- [What is being asked]
The answer should hold only the line with "A polished, professional" and each line after it through the last line of the material, exactly.

START Material for this exercise

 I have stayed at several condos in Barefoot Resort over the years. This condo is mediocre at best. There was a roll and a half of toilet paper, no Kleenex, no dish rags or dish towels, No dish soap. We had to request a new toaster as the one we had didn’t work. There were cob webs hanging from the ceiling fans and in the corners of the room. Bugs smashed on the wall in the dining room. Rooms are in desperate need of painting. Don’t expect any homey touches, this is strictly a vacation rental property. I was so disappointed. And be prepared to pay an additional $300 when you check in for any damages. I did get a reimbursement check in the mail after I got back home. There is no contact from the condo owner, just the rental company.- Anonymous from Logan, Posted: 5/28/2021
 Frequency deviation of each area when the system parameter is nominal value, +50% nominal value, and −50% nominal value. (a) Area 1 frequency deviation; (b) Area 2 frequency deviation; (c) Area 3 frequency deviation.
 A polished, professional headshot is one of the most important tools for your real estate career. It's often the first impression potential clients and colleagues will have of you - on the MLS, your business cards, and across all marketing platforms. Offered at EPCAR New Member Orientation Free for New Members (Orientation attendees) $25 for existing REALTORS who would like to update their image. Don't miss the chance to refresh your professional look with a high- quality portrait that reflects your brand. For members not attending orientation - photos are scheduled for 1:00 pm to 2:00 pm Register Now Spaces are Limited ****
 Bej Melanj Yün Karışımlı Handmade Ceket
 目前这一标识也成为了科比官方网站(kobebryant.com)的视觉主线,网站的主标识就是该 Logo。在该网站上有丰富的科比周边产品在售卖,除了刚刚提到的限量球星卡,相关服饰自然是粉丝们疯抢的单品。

END Material for this exercise

- [Output for this exercise]
 A polished, professional headshot is one of the most important tools for your real estate career. It's often the first impression potential clients and colleagues will have of you - on the MLS, your business cards, and across all marketing platforms. Offered at EPCAR New Member Orientation Free for New Members (Orientation attendees) $25 for existing REALTORS who would like to update their image. Don't miss the chance to refresh your professional look with a high- quality portrait that reflects your brand. For members not attending orientation - photos are scheduled for 1:00 pm to 2:00 pm Register Now Spaces are Limited ****
 Bej Melanj Yün Karışımlı Handmade Ceket
 目前这一标识也成为了科比官方网站(kobebryant.com)的视觉主线,网站的主标识就是该 Logo。在该网站上有丰富的科比周边产品在售卖,除了刚刚提到的限量球星卡,相关服饰自然是粉丝们疯抢的单品。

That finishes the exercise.